### PROBLEM
In the records below, find the line with "Era el de principios" and repeat exactly every line from it through the line with "A casa tem 03". Pictures stay out.

### MATERIALS PROVIDED
>>>

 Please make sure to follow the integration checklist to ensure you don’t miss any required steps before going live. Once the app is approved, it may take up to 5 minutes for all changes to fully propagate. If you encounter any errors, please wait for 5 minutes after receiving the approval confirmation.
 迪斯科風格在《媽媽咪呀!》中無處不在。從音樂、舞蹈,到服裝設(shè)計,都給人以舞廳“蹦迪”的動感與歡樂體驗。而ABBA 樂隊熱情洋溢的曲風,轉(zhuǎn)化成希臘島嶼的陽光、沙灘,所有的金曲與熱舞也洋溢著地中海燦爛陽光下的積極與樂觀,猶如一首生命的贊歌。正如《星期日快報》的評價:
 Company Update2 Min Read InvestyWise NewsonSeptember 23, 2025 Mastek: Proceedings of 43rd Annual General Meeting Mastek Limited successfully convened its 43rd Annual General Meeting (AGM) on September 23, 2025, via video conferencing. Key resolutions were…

<<<
>>>

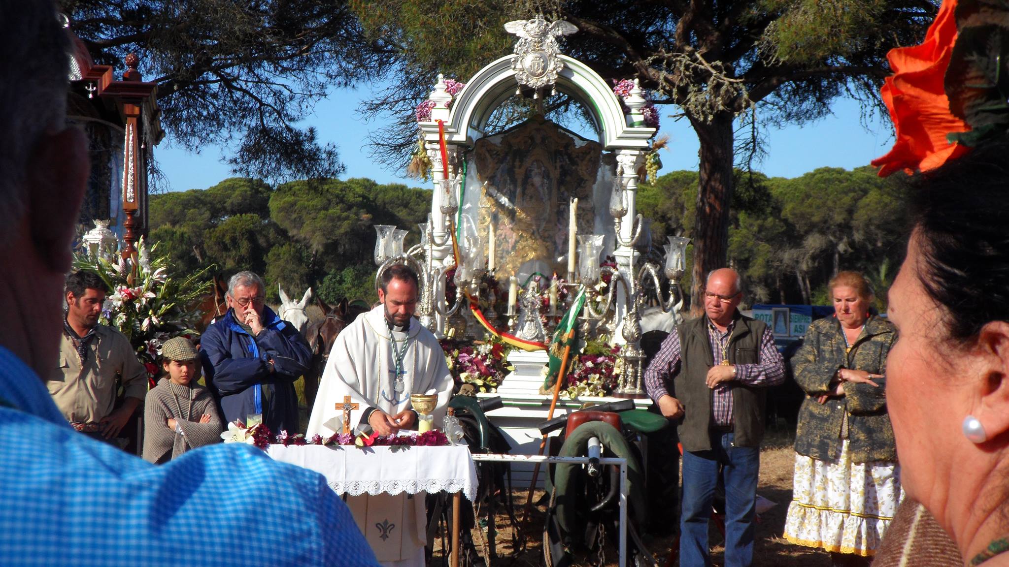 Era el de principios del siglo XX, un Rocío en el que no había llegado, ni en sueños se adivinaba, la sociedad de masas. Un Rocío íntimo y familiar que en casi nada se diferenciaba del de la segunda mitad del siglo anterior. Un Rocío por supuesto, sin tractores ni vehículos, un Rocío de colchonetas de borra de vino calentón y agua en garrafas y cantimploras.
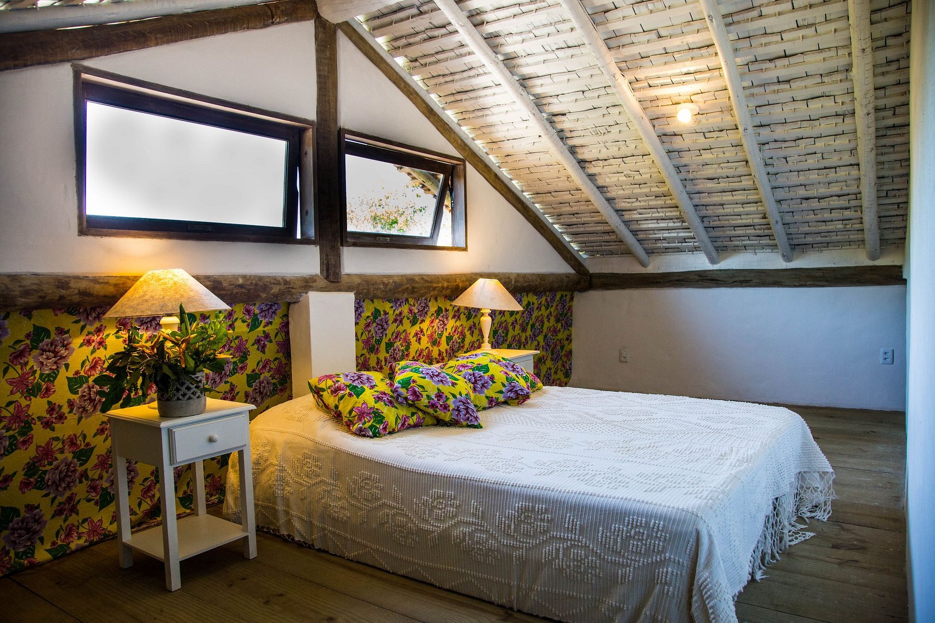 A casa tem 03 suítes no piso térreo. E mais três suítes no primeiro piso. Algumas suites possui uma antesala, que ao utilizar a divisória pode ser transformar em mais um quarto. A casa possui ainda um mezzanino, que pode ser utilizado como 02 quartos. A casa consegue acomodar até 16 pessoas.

<<<

### EXERCISE RESPONSE
 Era el de principios del siglo XX, un Rocío en el que no había llegado, ni en sueños se adivinaba, la sociedad de masas. Un Rocío íntimo y familiar que en casi nada se diferenciaba del de la segunda mitad del siglo anterior. Un Rocío por supuesto, sin tractores ni vehículos, un Rocío de colchonetas de borra de vino calentón y agua en garrafas y cantimploras.
 A casa tem 03 suítes no piso térreo. E mais três suítes no primeiro piso. Algumas suites possui uma antesala, que ao utilizar a divisória pode ser transformar em mais um quarto. A casa possui ainda um mezzanino, que pode ser utilizado como 02 quartos. A casa consegue acomodar até 16 pessoas.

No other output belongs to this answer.